+++ Supplied entries

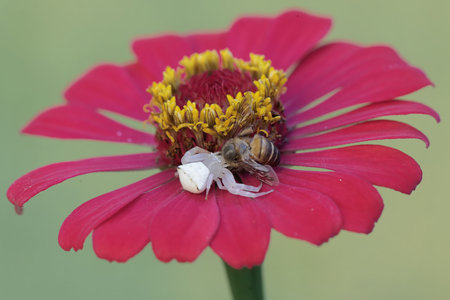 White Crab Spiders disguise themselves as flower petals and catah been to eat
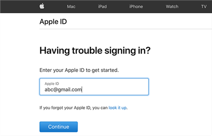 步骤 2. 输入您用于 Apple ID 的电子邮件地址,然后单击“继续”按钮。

++++++
+++ Supplied entries

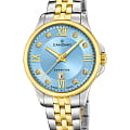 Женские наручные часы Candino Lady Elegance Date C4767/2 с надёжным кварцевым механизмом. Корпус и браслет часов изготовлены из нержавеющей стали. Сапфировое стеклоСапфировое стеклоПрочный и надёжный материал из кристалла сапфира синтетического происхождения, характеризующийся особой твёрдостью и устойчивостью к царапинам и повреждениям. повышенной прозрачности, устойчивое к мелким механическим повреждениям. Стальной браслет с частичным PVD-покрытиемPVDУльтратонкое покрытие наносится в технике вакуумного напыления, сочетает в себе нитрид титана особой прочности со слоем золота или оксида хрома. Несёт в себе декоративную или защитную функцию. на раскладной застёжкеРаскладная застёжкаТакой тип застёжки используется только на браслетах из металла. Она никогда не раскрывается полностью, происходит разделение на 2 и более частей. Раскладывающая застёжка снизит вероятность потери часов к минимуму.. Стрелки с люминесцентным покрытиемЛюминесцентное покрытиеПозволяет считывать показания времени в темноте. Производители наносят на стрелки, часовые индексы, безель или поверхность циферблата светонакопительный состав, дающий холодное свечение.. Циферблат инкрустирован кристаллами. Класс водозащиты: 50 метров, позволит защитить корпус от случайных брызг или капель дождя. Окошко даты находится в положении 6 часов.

++++++

Task objective
Exactly the lines starting at the one above with "White Crab Spiders" and ending at the one with "步骤 2. 输入您用于" should be printed, and nothing else. Omit the pictures.

Response to this exercise
 White Crab Spiders disguise themselves as flower petals and catah been to eat
 步骤 2. 输入您用于 Apple ID 的电子邮件地址,然后单击“继续”按钮。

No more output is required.